Question for you all -

What do you think of this buck's lines?? Would you want to add him to your herd? What do you think a buck like this would be worth ($$ amount) I have the chance to purchase this buck and am curious.

Thanks -


----------



## kelebek (Oct 5, 2007)

*Re: New buck in my future???*

Oh and this boy is just under 30 days older then Joe Dirt


----------



## kelebek (Oct 5, 2007)

*Re: New buck in my future???*

Here is a link to -

the dam's web page - http://www.cornerstonefarm.net/paige.html

the sire's web page - http://www.cornerstonefarm.net/jer.html


----------



## Laurel_Haven (Oct 20, 2007)

*Re: New buck in my future???*

I would use him in a heartbeat and I am very fussy about my bucks.
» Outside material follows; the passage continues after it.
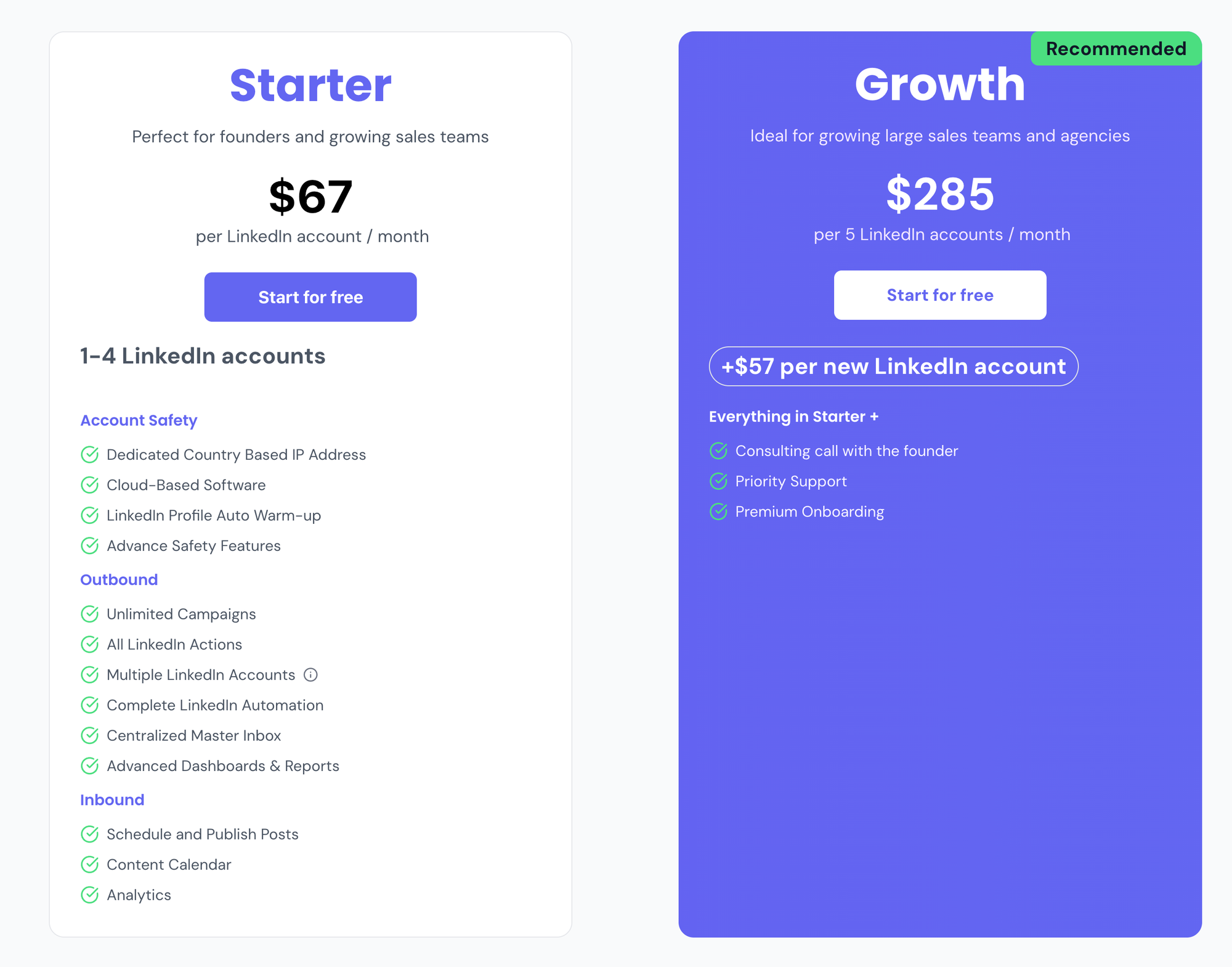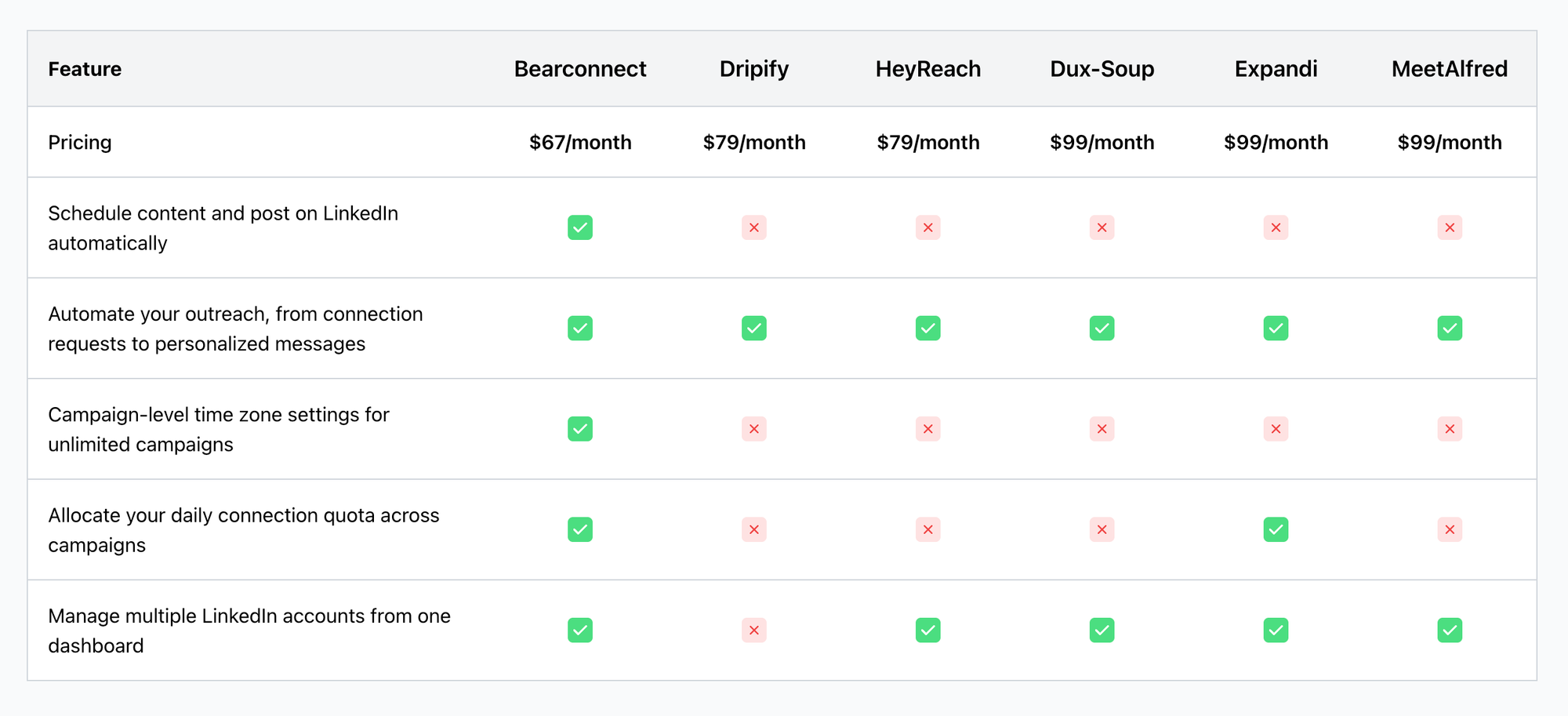Prices range from $14.99 to $99 per month depending on features and account limits. Bearconnect starts at $67/month per LinkedIn account and drops to $57/month per account for 5 or more accounts, making it one of the most cost-efficient options for teams and agencies.
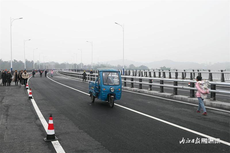 时间:2024-01-10 21:11:30 来源:i内江1月10日,作为内江市重要“渡改桥”民生工程的水心坝大桥建成试通车。不少市民前来见证这一历史时刻,分享大桥试通车的喜悦。

Of course I would want to get my hands on him first and check him over. But I love the fact that both his parents are from Caesar's Villa (one of my favorite herds). Yep I LOVE his bloodline. Another plus is that he is still a young guy. I would think a buck of his quality would be worth around $400. If proven with some good udders on his daughters $500. 
:thumbup:


----------



## kelebek (Oct 5, 2007)

*Re: New buck in my future???*

I absolutely love him. He really is not toooo awefully far from me - so I definately could feel him over.

I was thinking that 400 would be a good price. I am trying to find out if he has any kids on the ground yet or not. I know that he has bred a few at my friends house who has him now...


----------



## capriola-nd (Jul 6, 2008)

*Re: New buck in my future???*

Oh my goodness, I would so use him!! I'm jealous you have that chance!!  I also would want to get my hands on him and feel for conformation but he looks very nice in the photo and his lines are really great too!! I'm thinking also at least $400 but probably closer to $500 - I doubt he really has proven daughters yet, unless they are ff but I'd still use him!!


----------



## kelebek (Oct 5, 2007)

*Re: New buck in my future???*

I am going to call my friend in about 30 minutes and talk to her more about this guy.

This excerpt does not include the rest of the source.